Data entries:
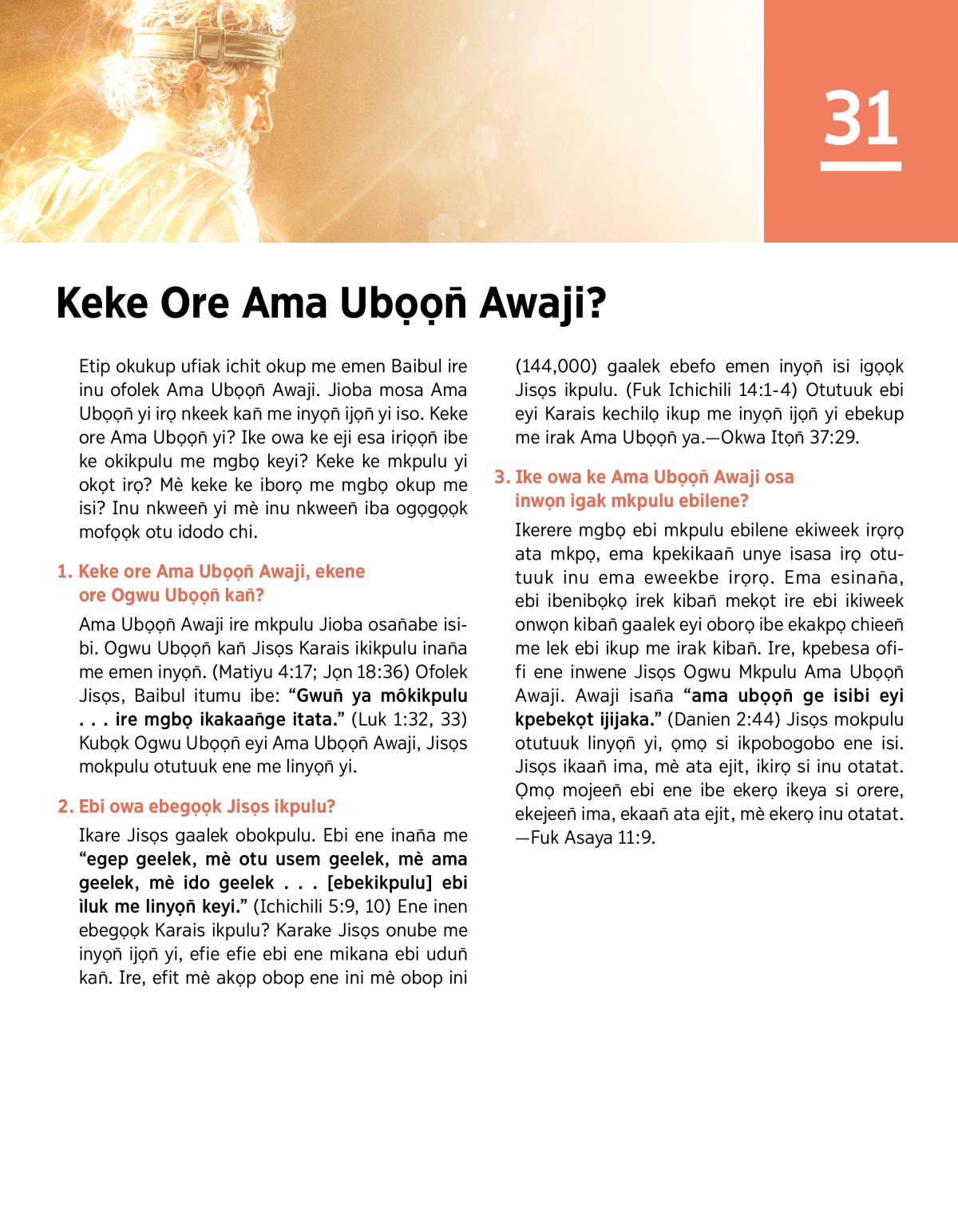 Ama Ubọọn̄ Awaji ire mkpulu Jioba osan̄abe isibi. Ogwu Ubọọn̄ kan̄ Jisọs Karais ikikpulu inan̄a me emen inyọn̄. (Matiyu 4:17; Jọn 18:36) Ofolek Jisọs, Baibul itumu ibe: “Gwun̄ ya môkikpulu . . . ire mgbọ ikakaan̄ge itata.” (Luk 1:32, 33) Kubọk Ogwu Ubọọn̄ eyi Ama Ubọọn̄ Awaji, Jisọs mokpulu otutuuk ene me linyọn̄ yi.
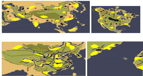 和dolphins's map 04相似,只是科技机场在地图的左边并且只有一个,占领该科技机场,你会拥有无限的电力和不断飞快增长的金钱,还有苏军的磁暴线圈和盟军的防空炮也是绝门武器,攻击范围变的很大,攻击力也增强了不少。
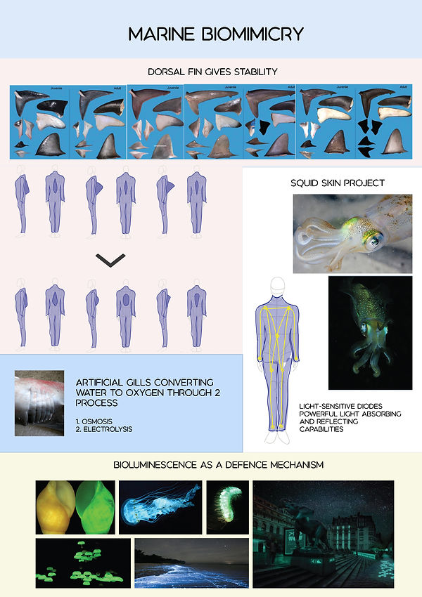 Marine Biomimicry was used in the design; such as borrowing the shape of the shark's fin for its streamline structure, and the application of the concept behind the skin of squids that enables them to camouflage into the surroundings.
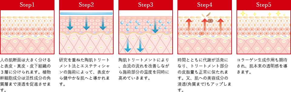 健やかな肌の自己再生能力を維持するのに大切な働きをするのは、皮膚細胞の原点「皮膚幹細胞」です。陶肌トリートメントによりターンオーバーを正常に保ち、植物幹細胞エキスが皮膚幹細胞を活発化します。
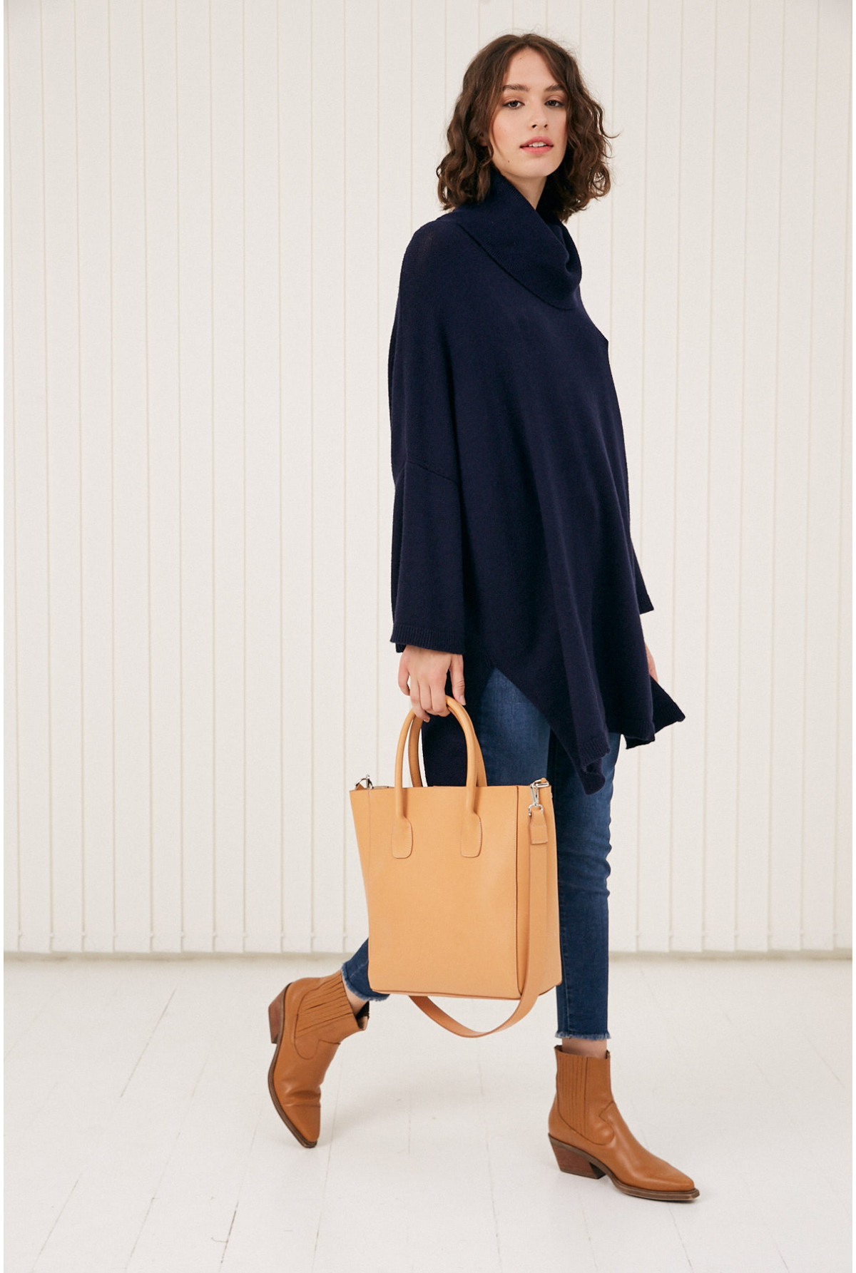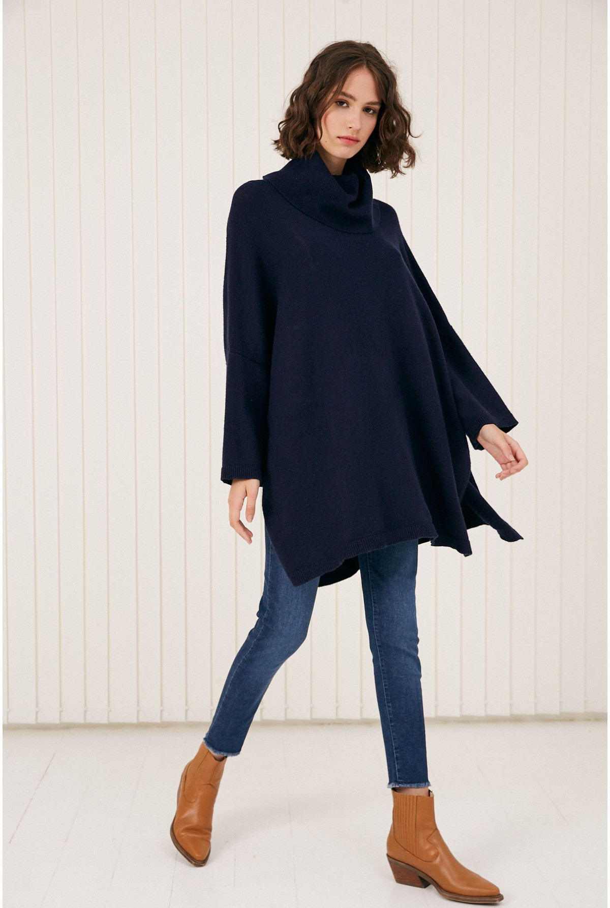 Polerón largo con manga recta y tajos laterales. Calce amplio.
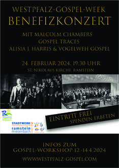 Aller guten Dinge sind bekanntlich drei und Musik macht glücklich! Deshalb tourt die „Westpfalz-Gospel-Week“ auch in diesem Jahr wieder durch die Region. Das große Finale findet in diesem Jahr am Samstag, 24. Februar, um 19.30 Uhr in der katholischen Pfarrkirche St. Nikolaus in Ramstein statt. Wo könnte der Gospel besser gefeiert werden als in der Stadt, in der tausende Amerikaner leben und Gospel genauso lieben wie die Erfinderin der Gospel-Week Alexandra Dietz.

*PROBLEM TO WORK ON:* Your copy should match the data above exactly, apart from the pictures.

*SOLUTION FOR THIS PROBLEM:*
 Ama Ubọọn̄ Awaji ire mkpulu Jioba osan̄abe isibi. Ogwu Ubọọn̄ kan̄ Jisọs Karais ikikpulu inan̄a me emen inyọn̄. (Matiyu 4:17; Jọn 18:36) Ofolek Jisọs, Baibul itumu ibe: “Gwun̄ ya môkikpulu . . . ire mgbọ ikakaan̄ge itata.” (Luk 1:32, 33) Kubọk Ogwu Ubọọn̄ eyi Ama Ubọọn̄ Awaji, Jisọs mokpulu otutuuk ene me linyọn̄ yi.
 和dolphins's map 04相似,只是科技机场在地图的左边并且只有一个,占领该科技机场,你会拥有无限的电力和不断飞快增长的金钱,还有苏军的磁暴线圈和盟军的防空炮也是绝门武器,攻击范围变的很大,攻击力也增强了不少。
 Marine Biomimicry was used in the design; such as borrowing the shape of the shark's fin for its streamline structure, and the application of the concept behind the skin of squids that enables them to camouflage into the surroundings.
 健やかな肌の自己再生能力を維持するのに大切な働きをするのは、皮膚細胞の原点「皮膚幹細胞」です。陶肌トリートメントによりターンオーバーを正常に保ち、植物幹細胞エキスが皮膚幹細胞を活発化します。
 Polerón largo con manga recta y tajos laterales. Calce amplio.
 Aller guten Dinge sind bekanntlich drei und Musik macht glücklich! Deshalb tourt die „Westpfalz-Gospel-Week“ auch in diesem Jahr wieder durch die Region. Das große Finale findet in diesem Jahr am Samstag, 24. Februar, um 19.30 Uhr in der katholischen Pfarrkirche St. Nikolaus in Ramstein statt. Wo könnte der Gospel besser gefeiert werden als in der Stadt, in der tausende Amerikaner leben und Gospel genauso lieben wie die Erfinderin der Gospel-Week Alexandra Dietz.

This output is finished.